Reading the Bible Seriously, but not Literally

Numbers 22:21-31 by Rev. Susan Lukey
Series:Why We Are A Church Community Fall 2018

The Bible is this amazing, wonderful, & fascinatingly diverse collection of sayings, stories, genealogies, poems, proverbs, historical writings, parables, and more. It’s not a book – it’s a library. It contains the most comforting words: “The Lord is my shepherd, I shall not want.” And the most poetically beautiful words: “They shall rise up on wings like eagles; they shall run and not be weary; they shall walk and not be faint.” And the wisest words: “Love your enemies; do not repay evil for evil.” And the strangest stories.... When we choose to follow the Way of Jesus, then we choose this book as our guide and our wisdom, and that includes all the strange and weird parts, as well as all the beautiful, wise and wonderful parts.
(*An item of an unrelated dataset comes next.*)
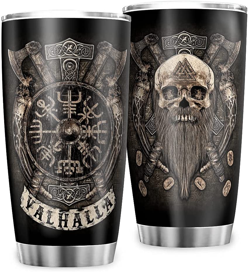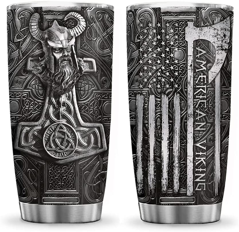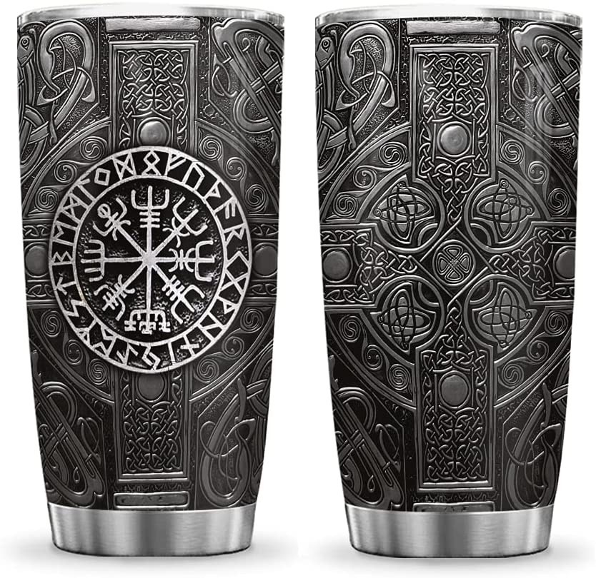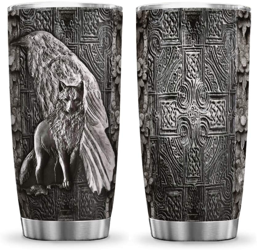 Viking 20Oz Stainless Steel Tumbler, Wolf And Raven Viking Celtic Tumbler Cup With Lid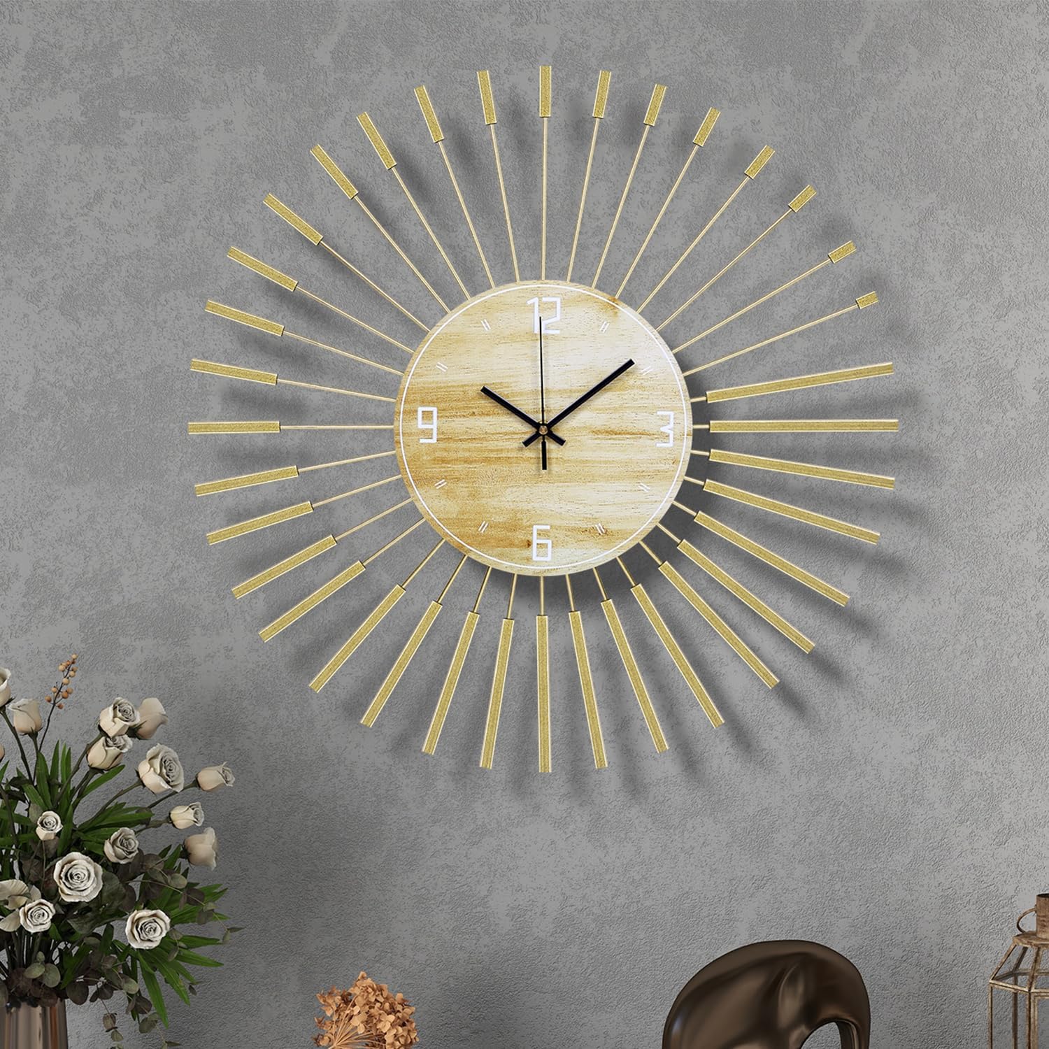 - Iron and Wood Combination Wall Clock β Designed with sturdy iron rays in a radiant sunburst , paired with a warm wood face for a stylish yet natural look.

It includes all the imperfect, stumbling, bumbling characters, as well as the compassionate, wise ones. Then, there are the many Christians who declare that the Bible must be seen as inerrant, infallible, and it must be taken literally. They resist asking any questions about why things might be contradictory in scripture or why the Bible says things that science and life experience might tell us are no longer accurate. In a way, they are trying to protect the Bible, to build a fence around it so it doesn’t get trampled down. Perhaps, underneath, they are afraid that the Bible will be dismissed as irrelevant, and so they protect it with words such as literal, inerrant & infallible. But the Bible doesn’t need protecting. In fact, the more it is protected from questions, debates, and wrestling, the less relevant it does become. So, what is the Bible? How would I describe it and my relationship to it? I believe the Bible is a collection of writings from dozens, if not hundreds of people. I believe, as David preached from 2nd Timothy last week, that the Bible is inspired by God. Yet, that inspiration was given to fallible people, people who can misunderstand and make errors, people who were shaped by their own cultural understandings, even as they tried to express their experience of God.